Here’s a collection of highlights, selected totally subjectively, from this week’s HPC news stream as reported at insideHPC.com and HPCwire.
>>10 words and a link
In odd move, Sun changes ticker symbol to JAVA;
http://insidehpc.com/2007/08/27/get-your-java-today/
NITRD soliciting comment on federal networking research plan;
http://insidehpc.com/2007/08/27/federal-networking-plan-wants-your-comments/
Researchers build foundation for photo-transistors;
http://insidehpc.com/2007/08/28/researchers-build-foundation-for-photo-transistors/
Startup offers up to 500 GB of network attached cache;
http://insidehpc.com/2007/08/28/gear6-500-gb-of-memory-attached-storage/
Purdue studies undergraduate parallel programming;
http://insidehpc.com/2007/08/28/purdue-to-study-undergraduate-parallel-programming/
Intel readies 3 Penryns sporting 1600MHz FSBs;
http://insidehpc.com/2007/08/30/this-little-penryn-goes-to-market/
>>AMD announces ISA extensions for HPC
AMD has announced they’re adding new instruction set extensions designed to improve performance in HPC, multimedia, and security apps.
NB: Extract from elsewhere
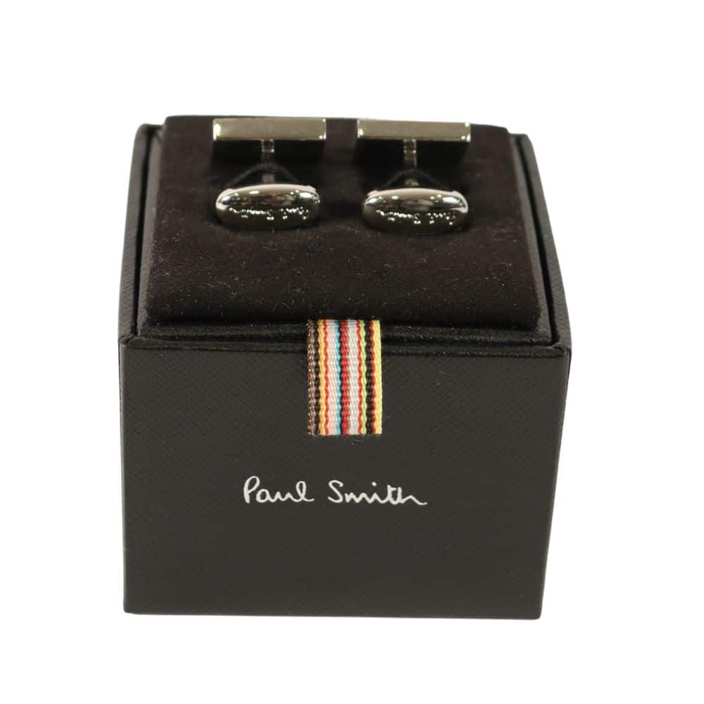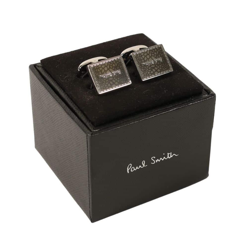 These Paul Smith Crocodile skin pattern Cufflinks in a rectangular shape are smart and sophisticated. They are crafted from Silver Toned enamel & feature a crocodile skin pattern in contrasting slate tone, with Paul Smith Branding. These cufflinks also feature a T-bar fastenings and presented in a branded black box.

The extensions, called SSE5, evolve the Streaming SIMD Extensions introduced originally in 1999. Although AMD is making the specification available starting today to foster a dialogue with developers, they won’t appear in product until AMD’s Bulldozer core is available in 2009. (Really? Bulldozer?)
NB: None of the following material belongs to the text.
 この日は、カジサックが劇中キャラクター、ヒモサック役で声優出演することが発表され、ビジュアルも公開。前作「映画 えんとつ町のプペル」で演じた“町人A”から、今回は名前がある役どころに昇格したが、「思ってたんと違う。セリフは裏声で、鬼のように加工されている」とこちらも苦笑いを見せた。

The Register dug into the spec a little (http://www.theregister.co.uk/2007/08/30/amd_sse5/):
For one, AMD will follow the RISC crowd with support for 3-Operand Instructions — up from two. So, unlike in the past where you would do A plus B and then have to store the result of the operation in A or B, developers can now store the result in a third location. This should reduce the total number of instructions needed to perform certain tasks and require less effort on the part of developers to keep track of registers.
The support for 3-Operand Instructions allows AMD to roll out a “fused multiply accumulate” instruction as well. This melds multiplication and addition to permit “iterative calculations with one instruction.”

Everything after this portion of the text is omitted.